Work instruction: Below is a listing. Quote from it, exactly, the lines from the one containing "Ο Πρόεδρος της" down to the one containing "取り除くのに効果的。ボタン電", both ends included, and nothing else.

Given data:

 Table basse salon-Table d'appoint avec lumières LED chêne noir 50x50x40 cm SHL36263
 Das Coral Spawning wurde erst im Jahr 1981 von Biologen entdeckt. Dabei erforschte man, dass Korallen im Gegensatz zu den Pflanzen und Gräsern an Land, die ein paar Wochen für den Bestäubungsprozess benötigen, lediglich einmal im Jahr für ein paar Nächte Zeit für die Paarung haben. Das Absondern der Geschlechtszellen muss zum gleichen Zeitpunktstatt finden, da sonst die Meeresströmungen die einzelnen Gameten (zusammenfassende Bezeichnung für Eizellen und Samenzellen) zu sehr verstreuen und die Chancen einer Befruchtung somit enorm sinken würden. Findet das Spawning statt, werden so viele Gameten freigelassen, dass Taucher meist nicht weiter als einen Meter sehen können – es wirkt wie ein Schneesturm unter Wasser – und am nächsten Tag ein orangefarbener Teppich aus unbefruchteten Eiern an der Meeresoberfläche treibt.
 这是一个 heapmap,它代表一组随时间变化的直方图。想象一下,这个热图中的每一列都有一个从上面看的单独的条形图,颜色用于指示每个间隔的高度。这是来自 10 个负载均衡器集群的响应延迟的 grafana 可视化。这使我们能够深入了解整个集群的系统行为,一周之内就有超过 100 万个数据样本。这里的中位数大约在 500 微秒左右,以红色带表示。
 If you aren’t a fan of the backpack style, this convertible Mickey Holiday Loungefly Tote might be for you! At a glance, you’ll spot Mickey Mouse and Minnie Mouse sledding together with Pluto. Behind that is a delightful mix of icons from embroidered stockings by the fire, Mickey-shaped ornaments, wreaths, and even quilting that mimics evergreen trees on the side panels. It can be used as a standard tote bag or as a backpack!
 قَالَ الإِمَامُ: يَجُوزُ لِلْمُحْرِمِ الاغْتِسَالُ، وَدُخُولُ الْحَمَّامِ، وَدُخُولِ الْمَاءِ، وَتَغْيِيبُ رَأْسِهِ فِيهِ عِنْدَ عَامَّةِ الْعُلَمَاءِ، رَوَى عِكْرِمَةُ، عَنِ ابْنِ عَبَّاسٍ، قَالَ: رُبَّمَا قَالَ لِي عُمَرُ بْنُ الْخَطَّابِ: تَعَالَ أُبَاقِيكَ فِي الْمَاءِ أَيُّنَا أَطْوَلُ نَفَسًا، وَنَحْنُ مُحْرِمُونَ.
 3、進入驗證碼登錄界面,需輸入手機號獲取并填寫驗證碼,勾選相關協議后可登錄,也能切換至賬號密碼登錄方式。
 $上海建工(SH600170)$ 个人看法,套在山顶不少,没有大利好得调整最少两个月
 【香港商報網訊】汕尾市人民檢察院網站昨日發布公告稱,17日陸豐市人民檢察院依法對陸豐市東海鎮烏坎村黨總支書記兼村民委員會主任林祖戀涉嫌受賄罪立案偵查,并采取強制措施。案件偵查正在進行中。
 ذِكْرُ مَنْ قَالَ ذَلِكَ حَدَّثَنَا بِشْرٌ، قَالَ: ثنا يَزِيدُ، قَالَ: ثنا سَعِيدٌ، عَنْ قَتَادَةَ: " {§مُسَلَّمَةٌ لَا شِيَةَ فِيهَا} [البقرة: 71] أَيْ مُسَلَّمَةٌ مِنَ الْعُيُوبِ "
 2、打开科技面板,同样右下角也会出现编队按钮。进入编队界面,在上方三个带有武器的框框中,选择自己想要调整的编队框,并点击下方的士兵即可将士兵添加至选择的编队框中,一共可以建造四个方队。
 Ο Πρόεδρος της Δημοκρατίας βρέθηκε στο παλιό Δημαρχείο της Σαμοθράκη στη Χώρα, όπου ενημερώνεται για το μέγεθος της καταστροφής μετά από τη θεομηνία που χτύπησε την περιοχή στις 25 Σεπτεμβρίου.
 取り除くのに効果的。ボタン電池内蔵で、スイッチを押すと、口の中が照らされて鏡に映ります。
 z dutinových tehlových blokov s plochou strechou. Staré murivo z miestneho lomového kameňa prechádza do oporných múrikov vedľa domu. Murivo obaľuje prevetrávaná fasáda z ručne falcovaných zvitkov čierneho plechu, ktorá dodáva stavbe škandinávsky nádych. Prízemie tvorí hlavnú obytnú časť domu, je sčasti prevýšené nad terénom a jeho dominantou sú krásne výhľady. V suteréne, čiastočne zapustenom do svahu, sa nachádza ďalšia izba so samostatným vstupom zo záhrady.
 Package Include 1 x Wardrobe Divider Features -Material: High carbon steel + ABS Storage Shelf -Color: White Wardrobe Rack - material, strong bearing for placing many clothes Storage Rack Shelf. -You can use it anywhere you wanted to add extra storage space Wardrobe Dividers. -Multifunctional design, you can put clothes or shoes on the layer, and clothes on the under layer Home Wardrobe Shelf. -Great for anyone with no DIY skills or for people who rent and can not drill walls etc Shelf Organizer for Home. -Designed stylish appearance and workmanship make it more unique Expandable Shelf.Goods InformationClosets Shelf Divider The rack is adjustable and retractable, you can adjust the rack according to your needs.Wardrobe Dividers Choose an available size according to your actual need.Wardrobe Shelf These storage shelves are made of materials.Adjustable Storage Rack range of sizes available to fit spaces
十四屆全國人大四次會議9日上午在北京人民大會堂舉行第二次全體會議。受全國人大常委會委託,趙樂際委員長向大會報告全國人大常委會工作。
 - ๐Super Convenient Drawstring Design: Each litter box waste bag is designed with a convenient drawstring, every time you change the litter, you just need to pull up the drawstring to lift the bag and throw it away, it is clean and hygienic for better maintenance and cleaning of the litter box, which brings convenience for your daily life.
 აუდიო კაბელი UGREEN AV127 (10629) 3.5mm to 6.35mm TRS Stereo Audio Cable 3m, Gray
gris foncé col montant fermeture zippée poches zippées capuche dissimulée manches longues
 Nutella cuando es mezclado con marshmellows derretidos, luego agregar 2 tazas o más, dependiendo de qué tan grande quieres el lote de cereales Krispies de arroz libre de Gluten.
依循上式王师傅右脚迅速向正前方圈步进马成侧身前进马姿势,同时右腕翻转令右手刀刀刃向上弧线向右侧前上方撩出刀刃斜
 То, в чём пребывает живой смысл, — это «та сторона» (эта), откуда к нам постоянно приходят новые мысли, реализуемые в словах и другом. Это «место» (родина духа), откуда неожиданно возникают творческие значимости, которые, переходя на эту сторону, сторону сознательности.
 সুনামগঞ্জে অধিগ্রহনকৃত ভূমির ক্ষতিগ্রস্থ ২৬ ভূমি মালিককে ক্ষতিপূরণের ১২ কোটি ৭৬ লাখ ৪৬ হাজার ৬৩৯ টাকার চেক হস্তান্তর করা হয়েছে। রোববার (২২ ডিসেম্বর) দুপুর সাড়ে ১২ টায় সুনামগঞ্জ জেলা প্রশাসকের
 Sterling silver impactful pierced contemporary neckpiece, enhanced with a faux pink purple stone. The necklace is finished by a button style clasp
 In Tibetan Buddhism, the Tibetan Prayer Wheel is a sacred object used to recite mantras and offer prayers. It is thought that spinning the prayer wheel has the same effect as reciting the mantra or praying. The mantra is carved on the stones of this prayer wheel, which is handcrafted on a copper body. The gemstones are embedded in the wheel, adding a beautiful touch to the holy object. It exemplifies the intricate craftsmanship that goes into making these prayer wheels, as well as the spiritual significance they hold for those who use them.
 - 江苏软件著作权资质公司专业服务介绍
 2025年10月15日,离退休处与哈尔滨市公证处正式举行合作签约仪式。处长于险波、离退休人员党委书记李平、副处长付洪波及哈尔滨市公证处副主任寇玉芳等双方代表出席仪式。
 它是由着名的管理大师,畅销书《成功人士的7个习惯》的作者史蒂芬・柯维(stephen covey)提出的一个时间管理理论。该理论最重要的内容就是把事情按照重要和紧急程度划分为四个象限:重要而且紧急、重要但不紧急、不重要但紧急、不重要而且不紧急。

Response below:
 Ο Πρόεδρος της Δημοκρατίας βρέθηκε στο παλιό Δημαρχείο της Σαμοθράκη στη Χώρα, όπου ενημερώνεται για το μέγεθος της καταστροφής μετά από τη θεομηνία που χτύπησε την περιοχή στις 25 Σεπτεμβρίου.
 取り除くのに効果的。ボタン電池内蔵で、スイッチを押すと、口の中が照らされて鏡に映ります。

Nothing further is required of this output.